Once the line holding "Beige and Blue" appears, repeat it and each line after it to the end of the data, exactly and with nothing else; pictures stay out.

Data segment -

········

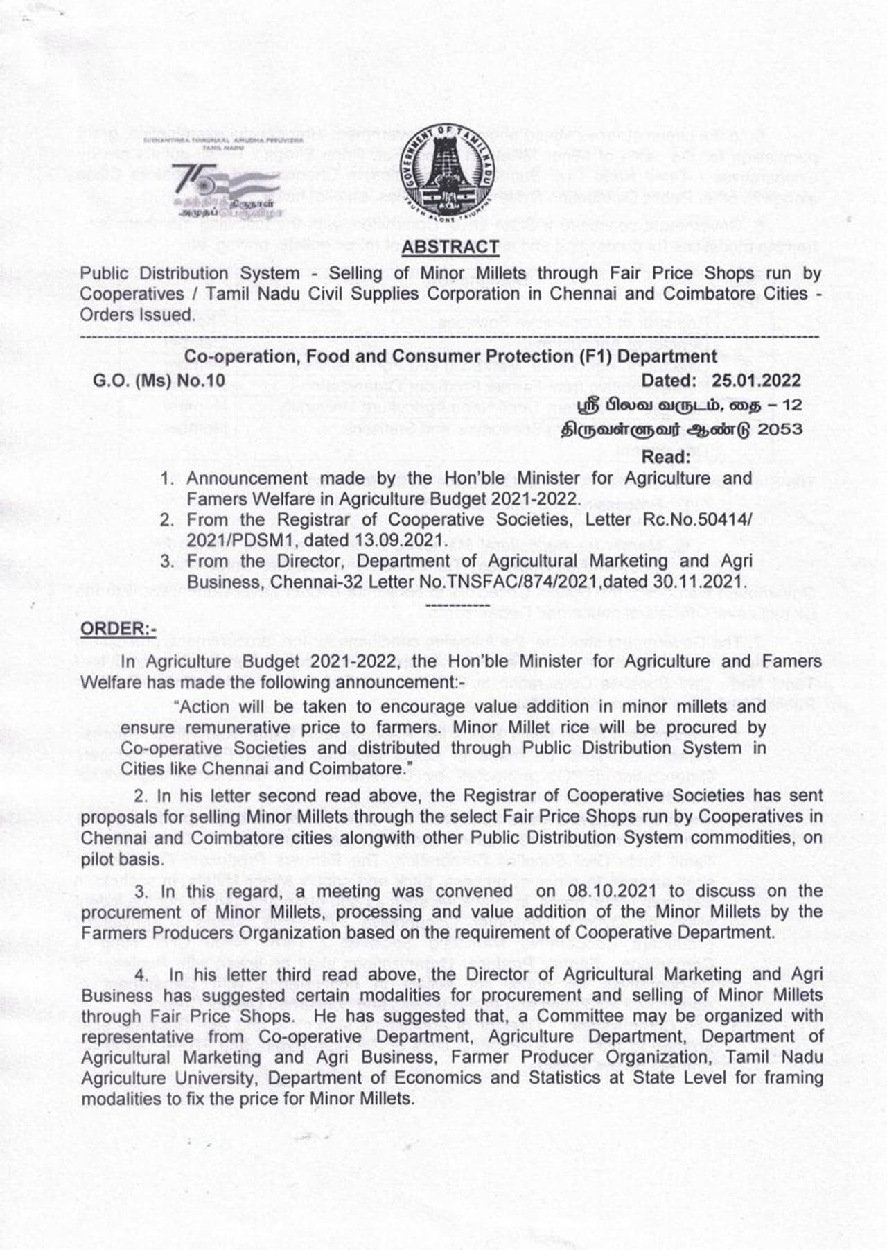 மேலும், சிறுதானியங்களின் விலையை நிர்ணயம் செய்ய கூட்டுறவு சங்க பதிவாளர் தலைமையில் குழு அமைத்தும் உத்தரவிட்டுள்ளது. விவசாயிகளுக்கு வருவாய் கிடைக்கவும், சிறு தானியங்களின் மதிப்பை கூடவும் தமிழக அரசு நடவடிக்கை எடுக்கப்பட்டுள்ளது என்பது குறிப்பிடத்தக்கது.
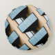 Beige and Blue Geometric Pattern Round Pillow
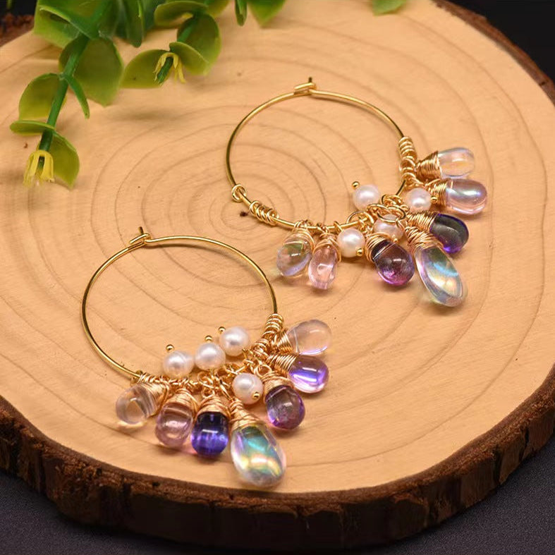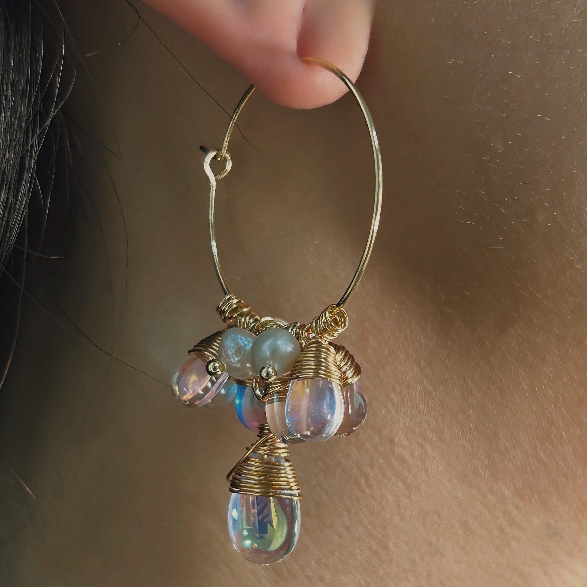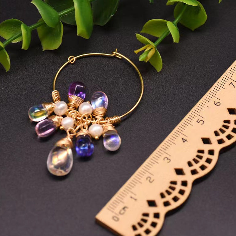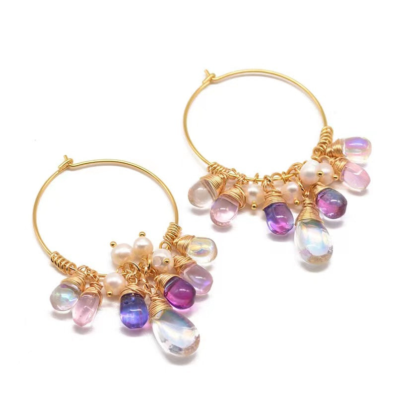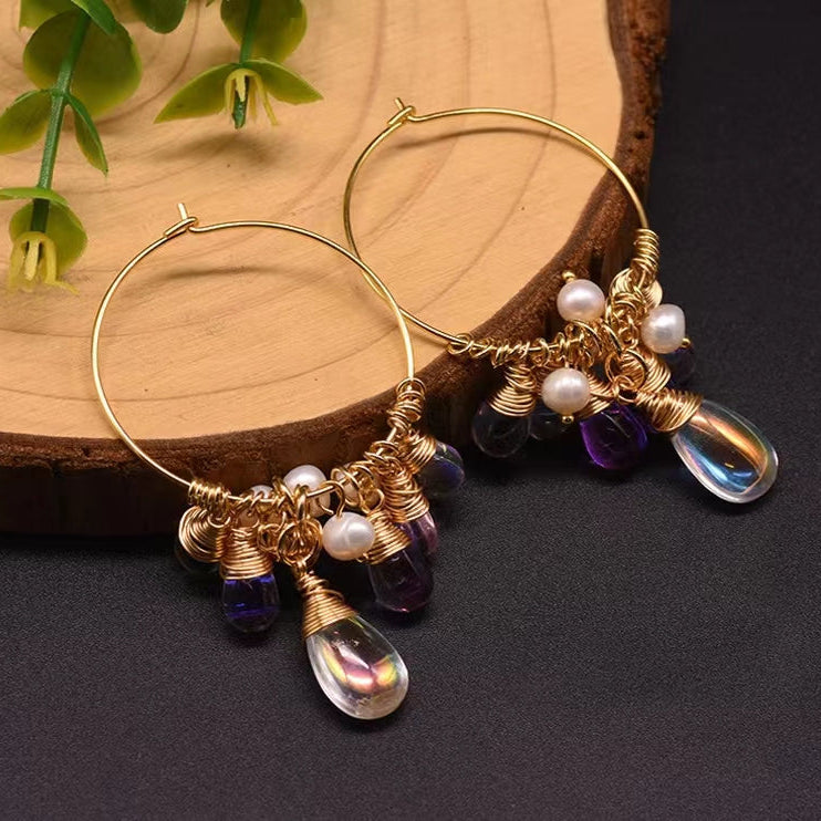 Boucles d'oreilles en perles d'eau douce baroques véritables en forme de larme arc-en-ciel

········

Solution for this exercise -
 Beige and Blue Geometric Pattern Round Pillow
 Boucles d'oreilles en perles d'eau douce baroques véritables en forme de larme arc-en-ciel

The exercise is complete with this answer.